Millions of locusts have caused devastation after descending on Sardinia.

Several mayors in the region declared a state of natural disaster and called for immediate action.

In a situation reminiscent of a biblical plague, voracious locusts have stripped large areas of the island’s agricultural regions of crops, in what the World Bank has already been branded the most serious such invasion the world has faced in 70 years.

The epicentre is formed by the municipalities of Orani, Ottana and Bolotana in the Tirso valley, with insects having arrived from the Middle East and Africa, where 23 countries have experienced similar problems.
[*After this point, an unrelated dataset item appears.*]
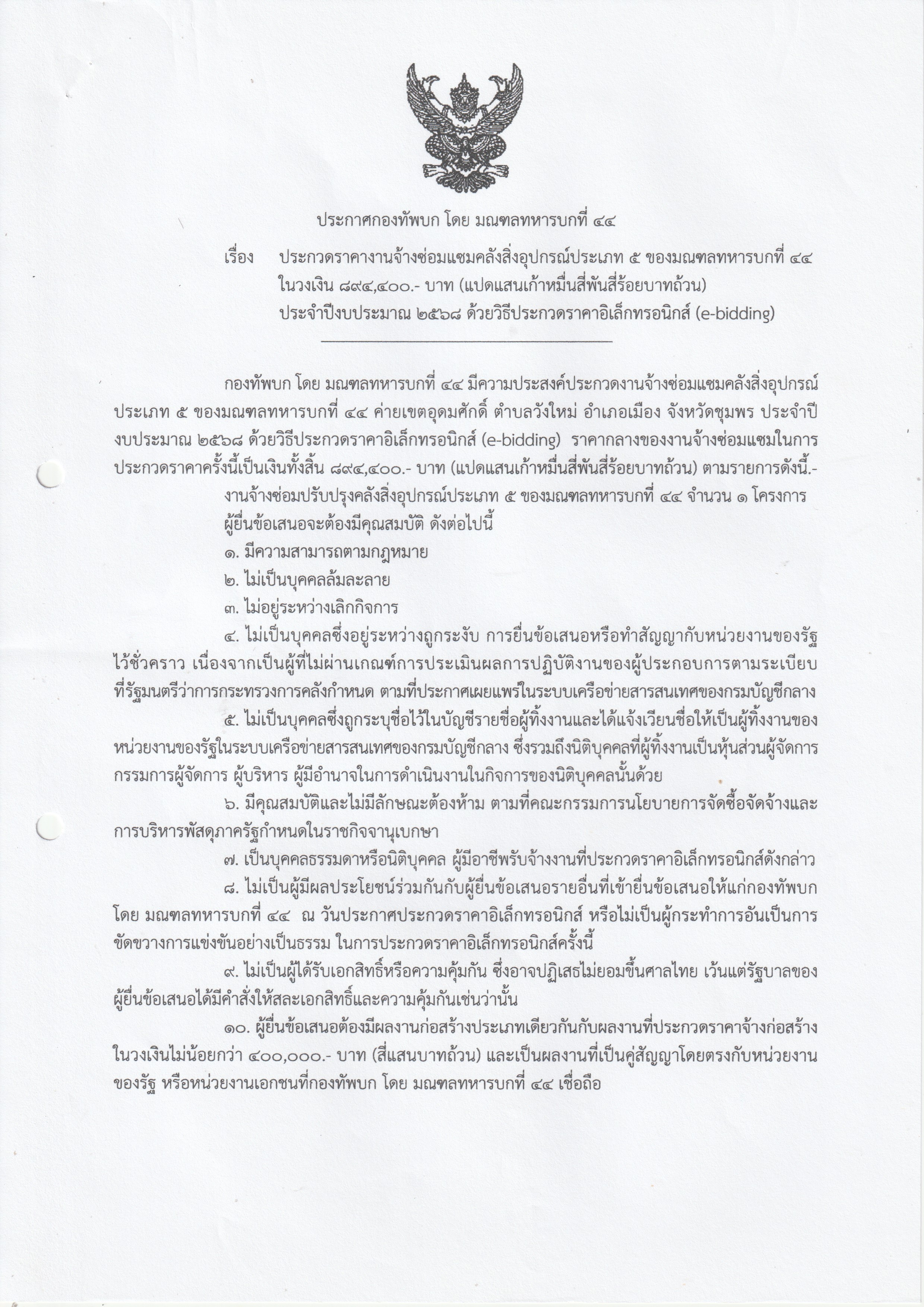 เรื่อง ประกวดราคาจ้างงานจ้างซ่อมแซมคลังสิ่งอุปกรณ์ประเภท ๕ ของมณฑลทหารบกที่ ๔๔
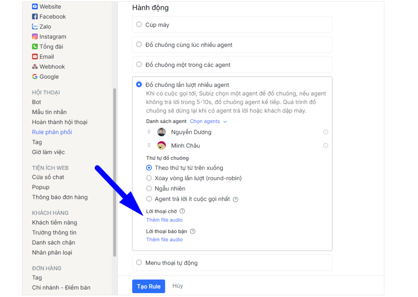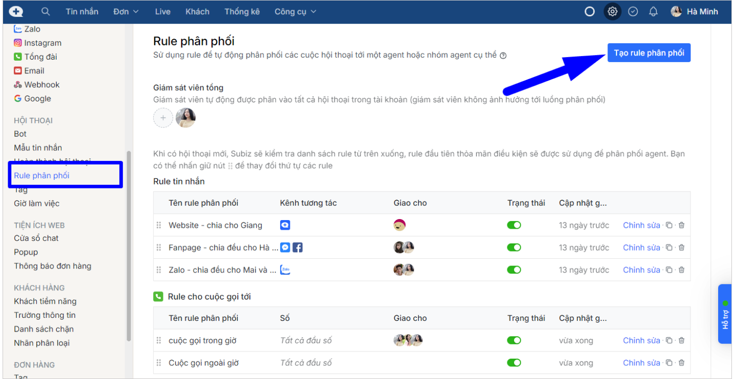 Bước 1: Mở trang cài đặt trên Subiz.- Chọn Rule phân phối

Farmers have limited options when it comes to mitigating the damage caused by the vast numbers of locusts, other than burning fields to destroy the pests.

Franco Saba, Mayor of Ottana, said: “Current damages must be compensated and preventive action has taken place to prevent the phenomenon from happening again in the next few years.“

With the situation still unfolding, the cost of the damage is still unknown – but Mr Saba suggested it would run into millions of euros.

Speaking towards the end of last month, one farmer based in Bolotana in the centre of Sardinia said: “When the locusts arrived in mid-May, my cabbages were small, it wasn’t harvest time yet, they were all still in the field. Then the swarm came through, started to devour all the leaves, leaving only the stem.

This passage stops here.